First I’m going to assume you are competent with binomial expansions of the form (p+q)n n∈N
that is,
(p+q)ⁿ = nC0 pⁿ + nC1 pⁿ⁻¹q + nC2 pⁿ⁻²q²+ nC3 pⁿ⁻³q³ + .... + nCn-r pʳqⁿ⁻ʳ +.. + nCn-1 pqⁿ⁻¹ + qⁿ
and nCr = n! / r! (n-r)!
Expanding the notation,
(1+x)ⁿ = pn +n pⁿ⁻¹ q +n(n-1) pⁿ⁻² q²/2! + n(n-1)(n-2) pⁿ⁻³3q³ /3! + ..+ n(n-1)p²qⁿ⁻²/2! + npqⁿ⁻¹ +qⁿ
I shall assume you can see the symmetry.
Further, you should see that each new coefficient can be calculated from the last one:
nCr = nCr-1 (n-r)/r
In statistics, probability calculations are based upon expansions of (p+q)ⁿ, where p+q = 1. Many students get stuck here, seeing that 1ⁿ is obviously one and therefore, they think, of no interest. Au contraire, mon brave; adding up to one simply confirms that the probabilities are all there and it is the way the ‘one’ is divided up that tells you the distribution of the various probabilities. That’s the interesting bit, the distribution.
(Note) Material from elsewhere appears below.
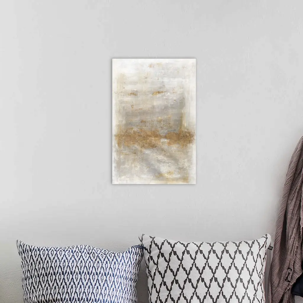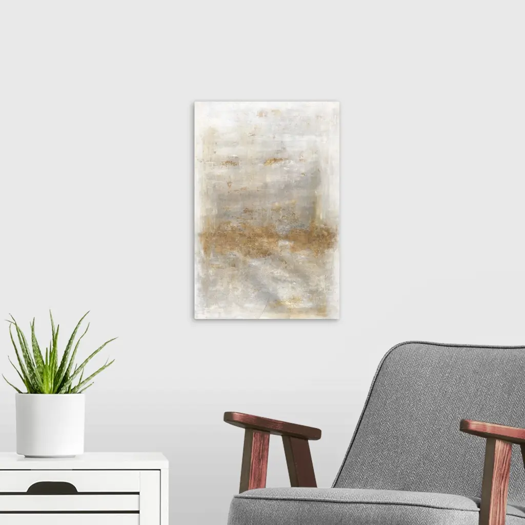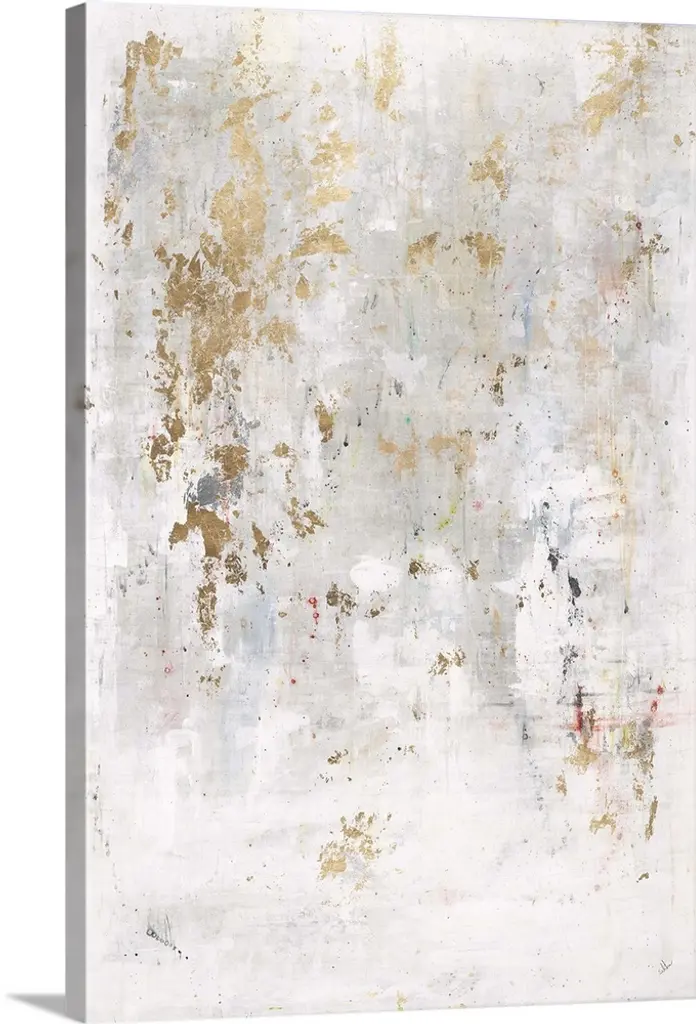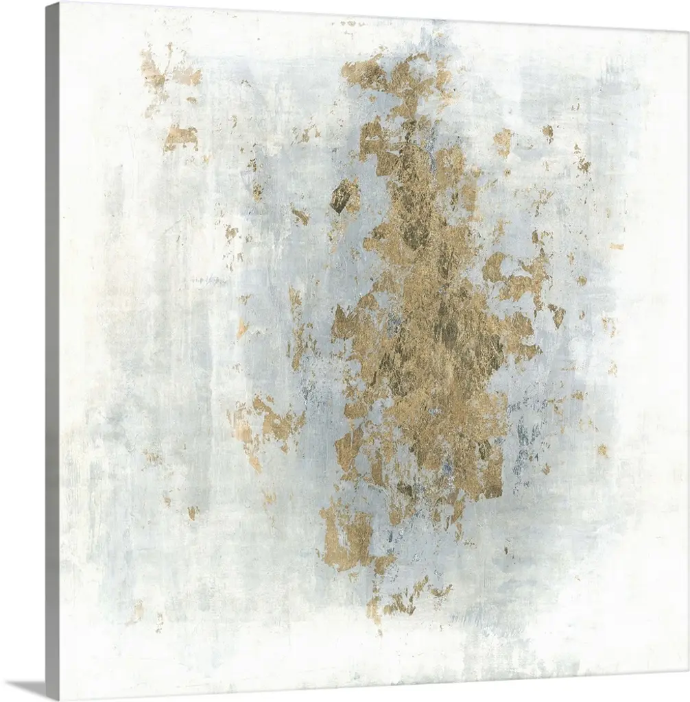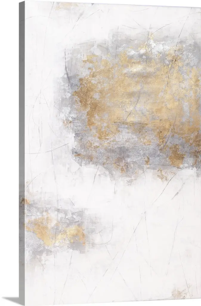 Large abstract artwork with a gray and white background and metallic gold on top.

I put examples in the Lower School Binomial. The usage is in Hypothesis testing. There I have assumed you recognise “X is a variate that behaves as a binomial distribution with n items of probability p” as being written X~B(n,p) and that the mean is np (that’s the expectation) and the variance is npq. I have not proved that on these pages. Yet.